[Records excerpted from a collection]

※

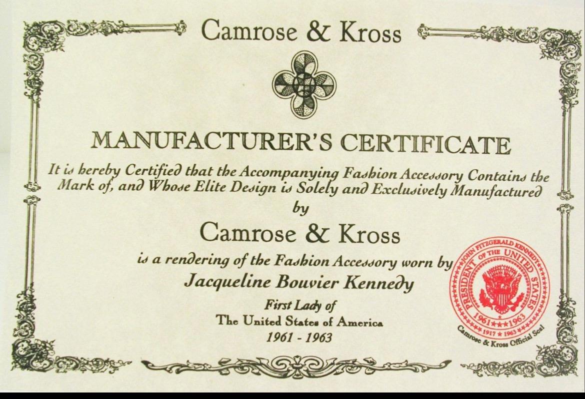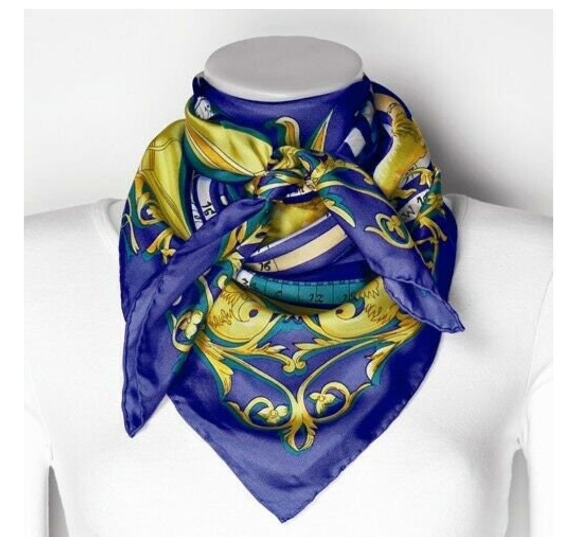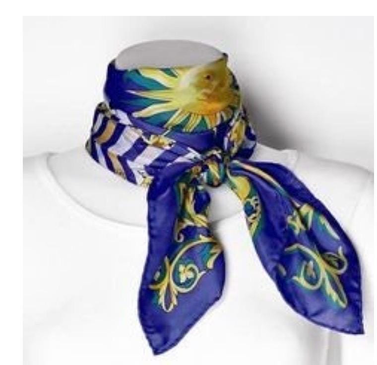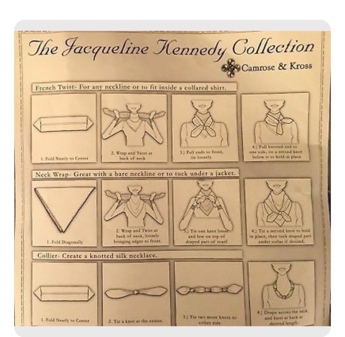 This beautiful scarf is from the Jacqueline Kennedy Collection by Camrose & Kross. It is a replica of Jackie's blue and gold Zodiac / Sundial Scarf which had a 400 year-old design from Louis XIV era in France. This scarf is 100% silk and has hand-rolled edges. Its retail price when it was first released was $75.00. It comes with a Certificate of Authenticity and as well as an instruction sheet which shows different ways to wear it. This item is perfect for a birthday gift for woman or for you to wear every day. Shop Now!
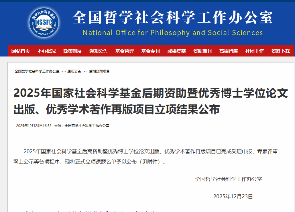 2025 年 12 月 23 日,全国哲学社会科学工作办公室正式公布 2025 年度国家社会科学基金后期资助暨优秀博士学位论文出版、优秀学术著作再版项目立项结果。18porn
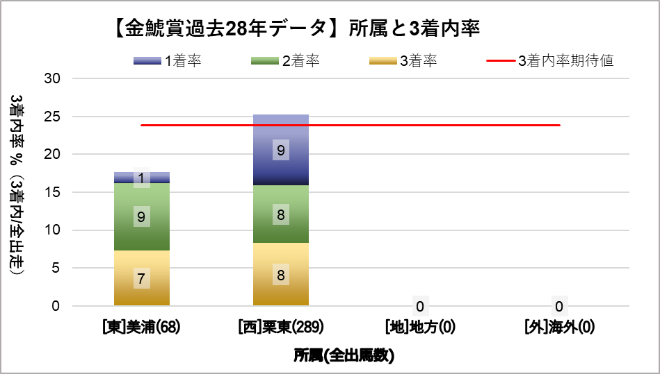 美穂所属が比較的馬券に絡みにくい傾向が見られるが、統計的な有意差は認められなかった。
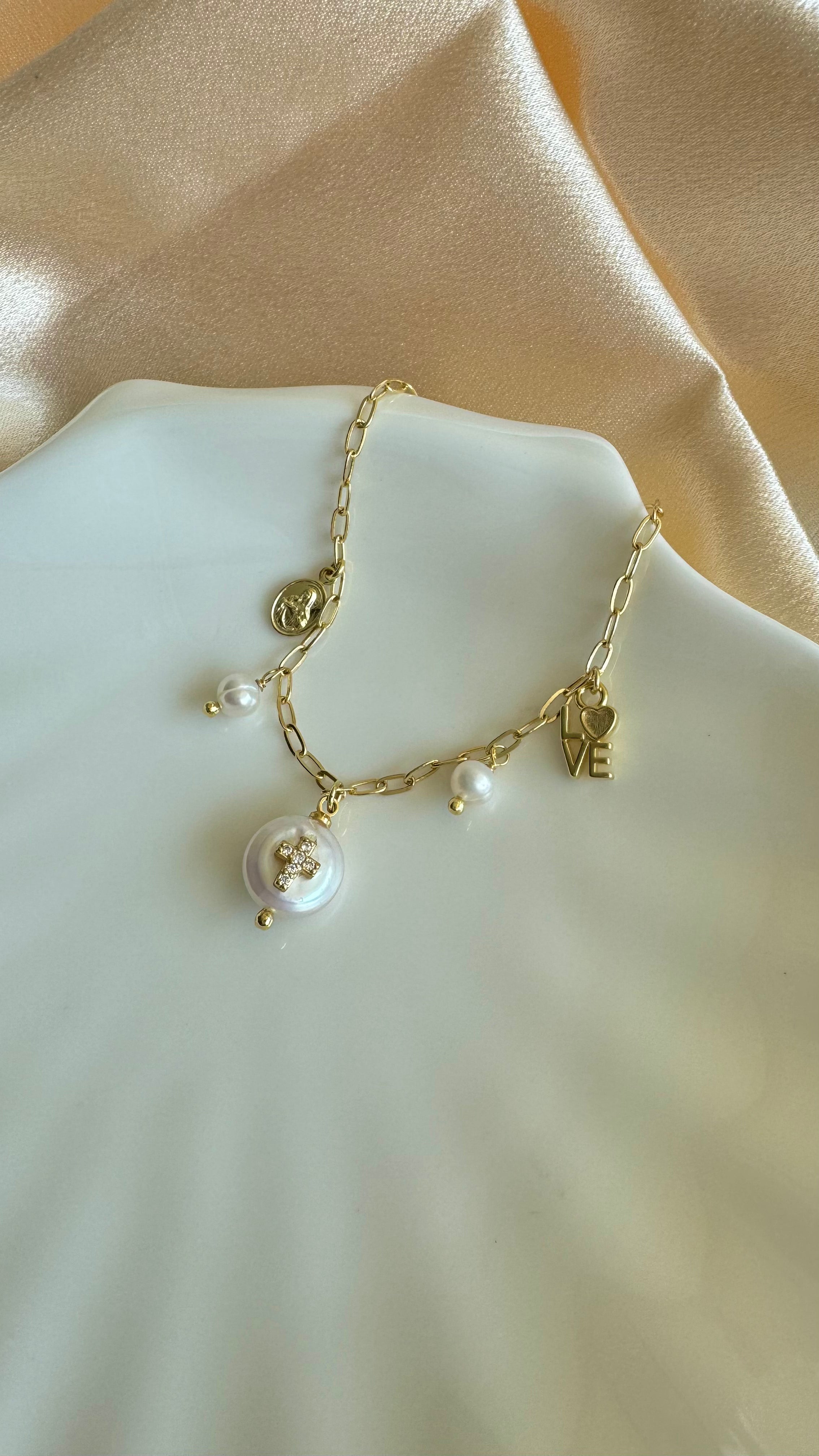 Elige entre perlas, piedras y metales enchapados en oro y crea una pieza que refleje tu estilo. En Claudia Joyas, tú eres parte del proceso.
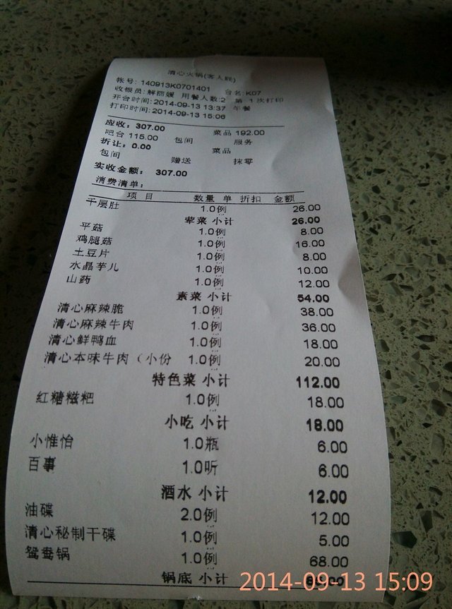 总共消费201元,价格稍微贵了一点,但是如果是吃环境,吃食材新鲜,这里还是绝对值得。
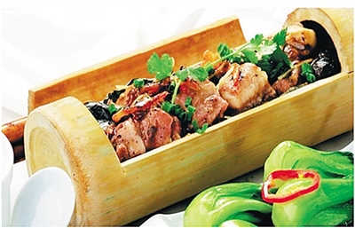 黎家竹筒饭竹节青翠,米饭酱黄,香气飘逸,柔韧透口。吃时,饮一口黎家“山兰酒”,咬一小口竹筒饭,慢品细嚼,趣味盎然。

※

__Exercise directions__
Retype, without any picture, exactly the lines from the one with "Elige entre perlas, piedras" through the end of the entries, inclusive.

__Problem solution__
 Elige entre perlas, piedras y metales enchapados en oro y crea una pieza que refleje tu estilo. En Claudia Joyas, tú eres parte del proceso.
 总共消费201元,价格稍微贵了一点,但是如果是吃环境,吃食材新鲜,这里还是绝对值得。
 黎家竹筒饭竹节青翠,米饭酱黄,香气飘逸,柔韧透口。吃时,饮一口黎家“山兰酒”,咬一小口竹筒饭,慢品细嚼,趣味盎然。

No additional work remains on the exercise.